[Records from a dataset]
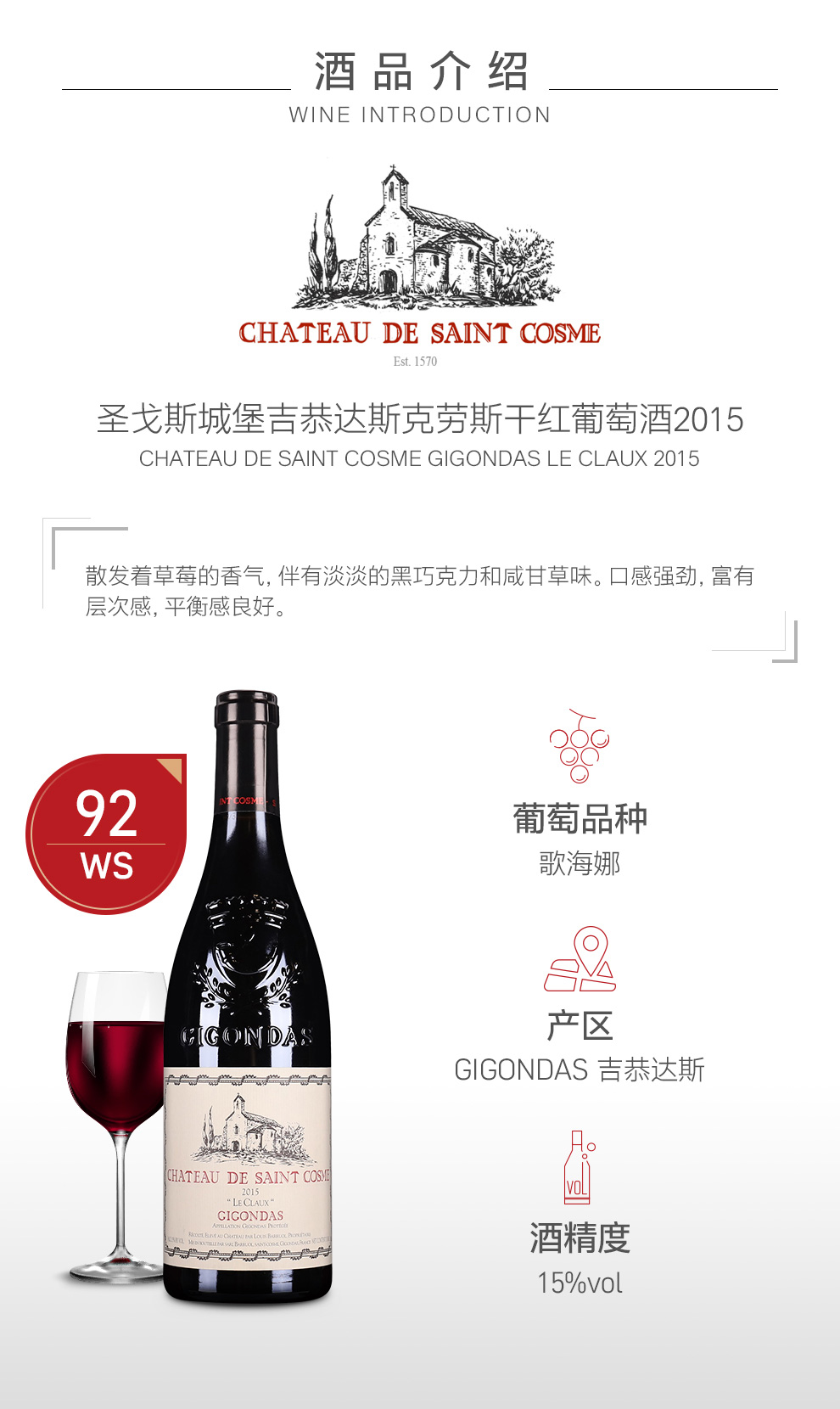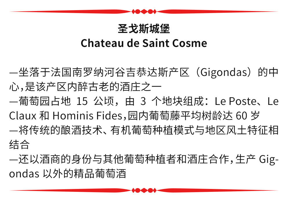 圣戈斯城堡(Chateau de Saint Cosme)坐落于法国南罗纳河谷(Southern Rhone Valley)吉恭达斯产区(Gigondas)的中心,是该产区内最古老的酒庄之一。
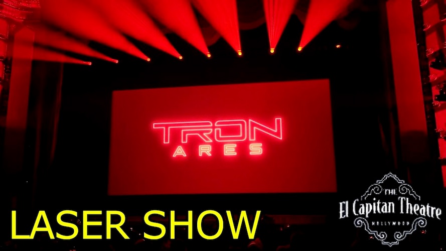 - As part of the fun, just ahead of the screening of TRON: Ares at the historic El Capitan Theatre in Los Angeles, a laser show took place featuring music and iconography from each of the films.
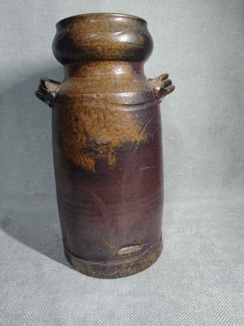 - 備前焼 花器 花瓶 花入 唐桶 報徳 24x9cm 置温
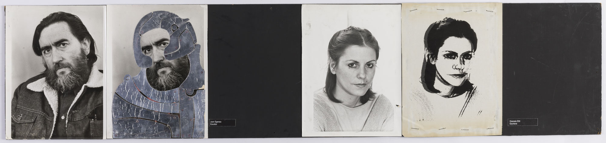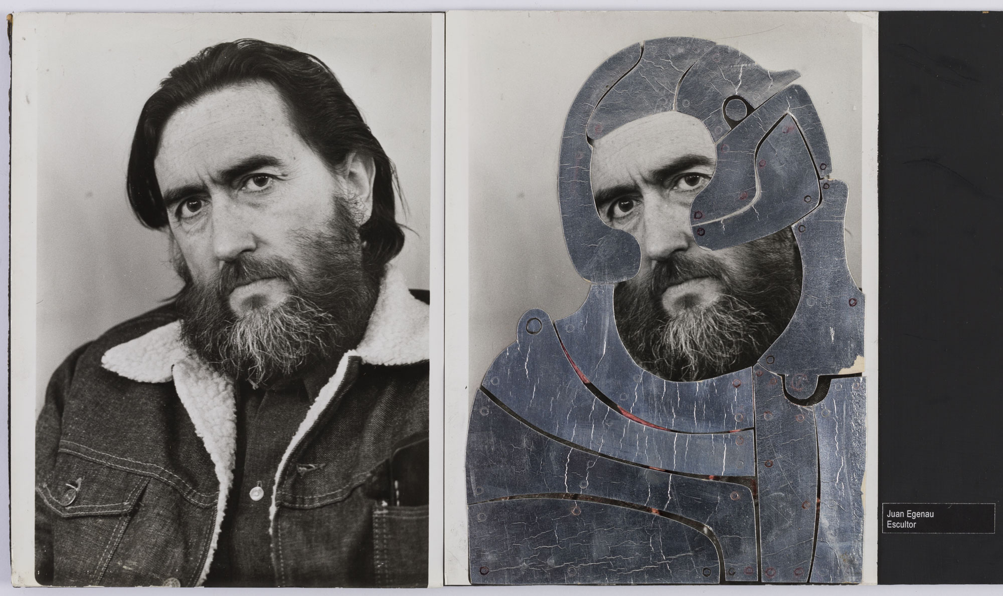Fotografía en blanco y negro, de formato horizontal. Composición en base a díptico con dos retratos idénticos de una figura masculina de busto. El hombre viste chaqueta oscura con detalles claros, camisa oscura y dirige la mirada al frente, inclinando la cabeza levemente a la izquierda. En la segunda imagen se observa una intervención en el busto y rostro con material plateado de formas variadas, dejando frente, ojos, nariz y boca al descubierto. El fondo es claro y la iluminación es frontal.
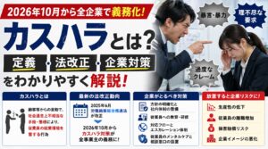 | パワーハラスメント | 職務上の地位や権限を利用した嫌がらせ | 暴言、過大な要求、人格否定 |
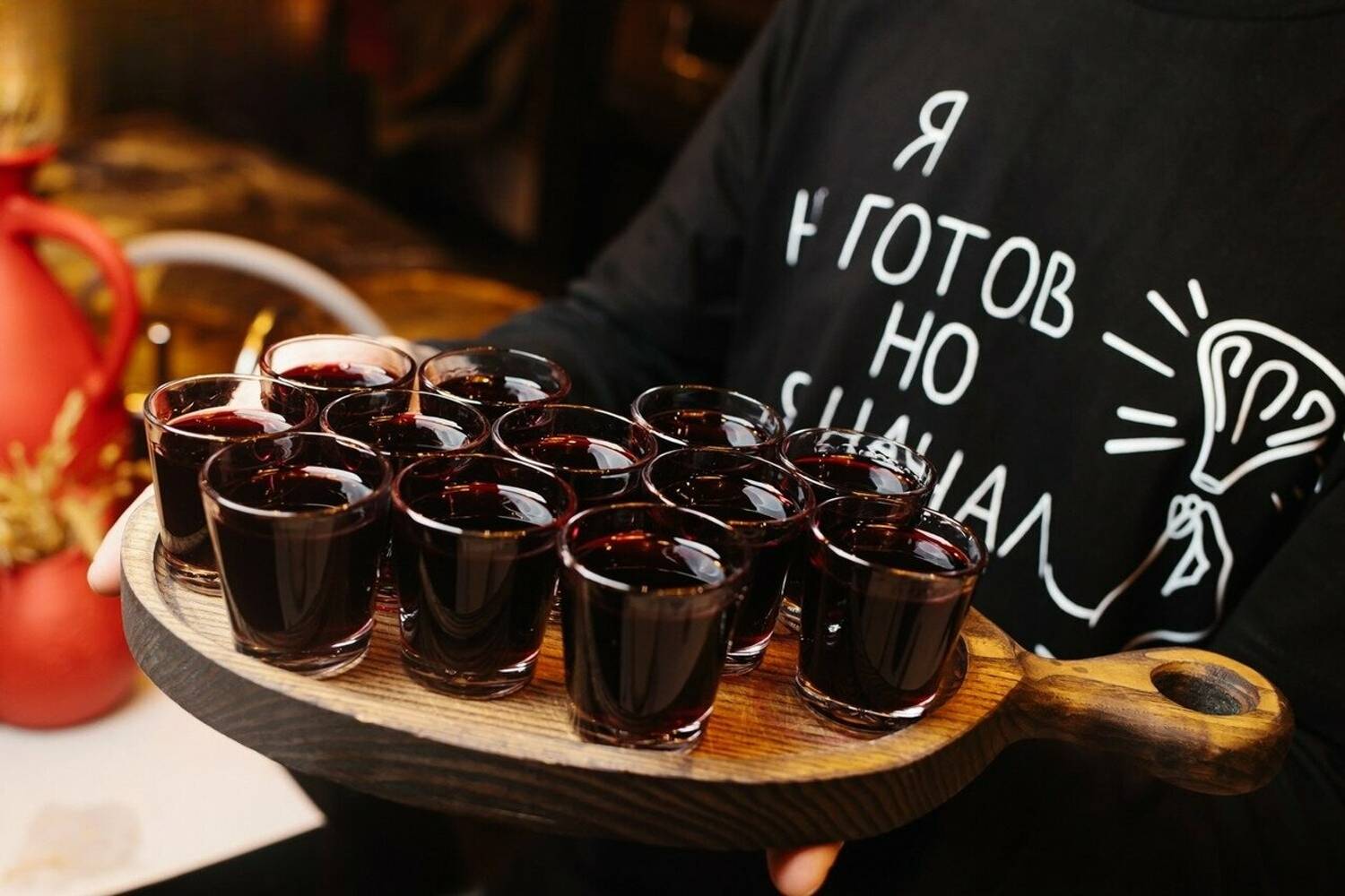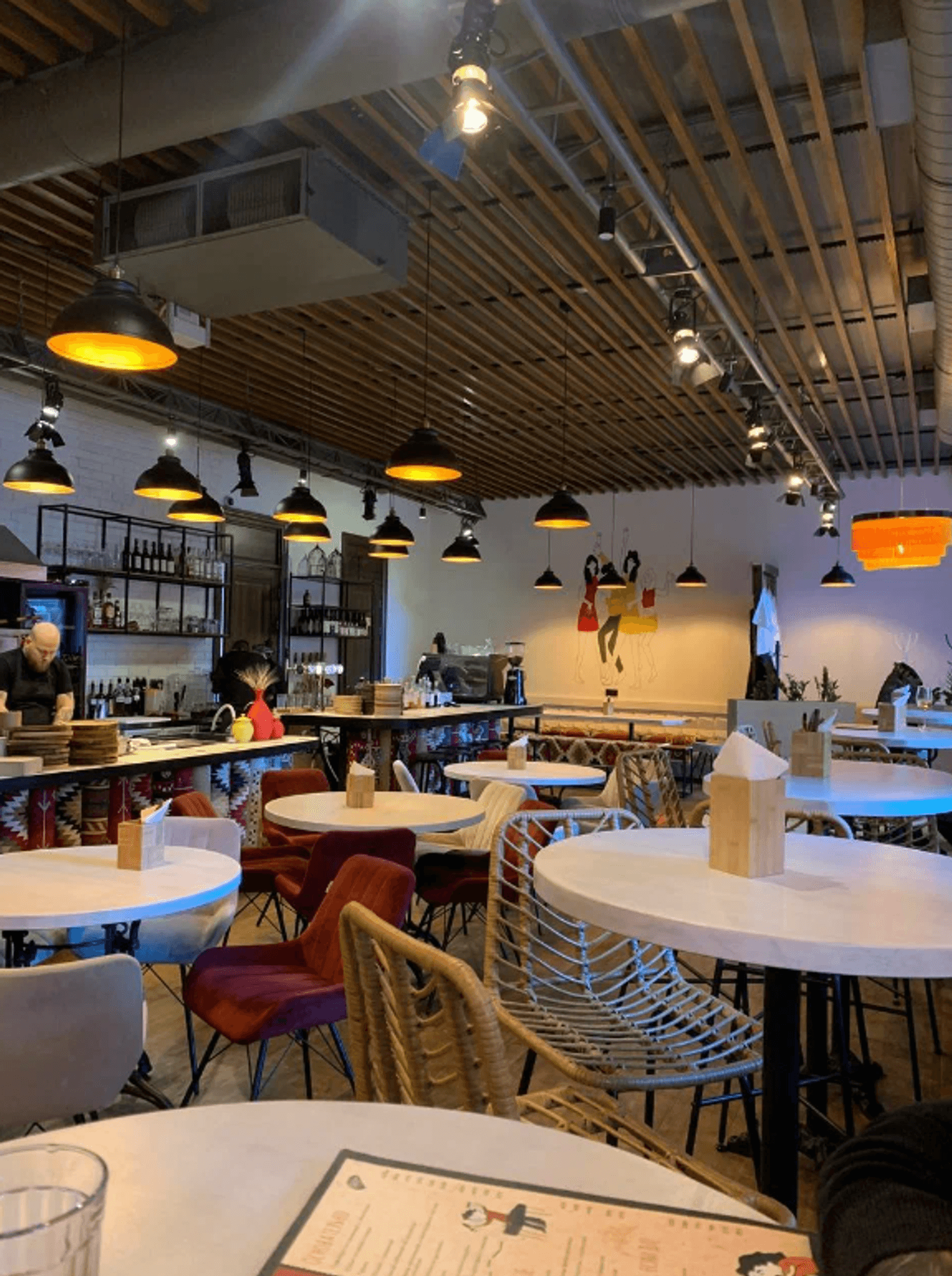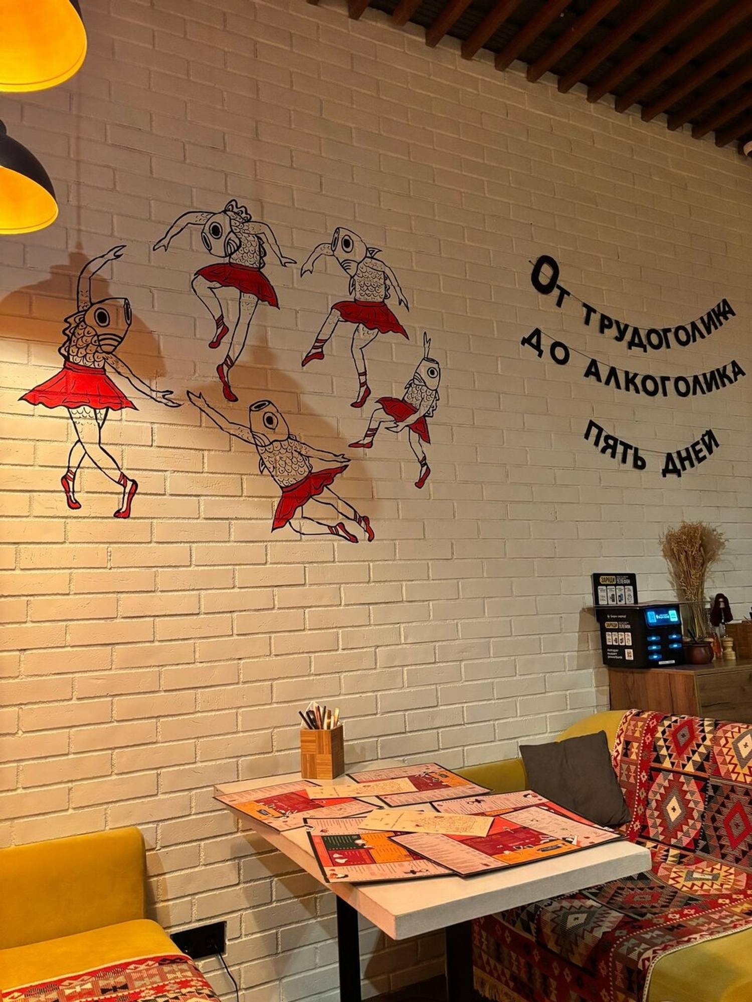 Атмосфера. Интерьер здесь строится на диалоге минимализма и грузинского колорита: красные ковры с орнаментом, свисающие с потолка разноцветные флажки и настенная роспись с гранатами. Ковров настолько много, что барную стойку тоже оформили с их использованием.

# TASK TO CARRY OUT
Drop the pictures; repeat each entry above exactly.

# RESULT
 圣戈斯城堡(Chateau de Saint Cosme)坐落于法国南罗纳河谷(Southern Rhone Valley)吉恭达斯产区(Gigondas)的中心,是该产区内最古老的酒庄之一。
 - As part of the fun, just ahead of the screening of TRON: Ares at the historic El Capitan Theatre in Los Angeles, a laser show took place featuring music and iconography from each of the films.
 - 備前焼 花器 花瓶 花入 唐桶 報徳 24x9cm 置温
Fotografía en blanco y negro, de formato horizontal. Composición en base a díptico con dos retratos idénticos de una figura masculina de busto. El hombre viste chaqueta oscura con detalles claros, camisa oscura y dirige la mirada al frente, inclinando la cabeza levemente a la izquierda. En la segunda imagen se observa una intervención en el busto y rostro con material plateado de formas variadas, dejando frente, ojos, nariz y boca al descubierto. El fondo es claro y la iluminación es frontal.
 | パワーハラスメント | 職務上の地位や権限を利用した嫌がらせ | 暴言、過大な要求、人格否定 |
 Атмосфера. Интерьер здесь строится на диалоге минимализма и грузинского колорита: красные ковры с орнаментом, свисающие с потолка разноцветные флажки и настенная роспись с гранатами. Ковров настолько много, что барную стойку тоже оформили с их использованием.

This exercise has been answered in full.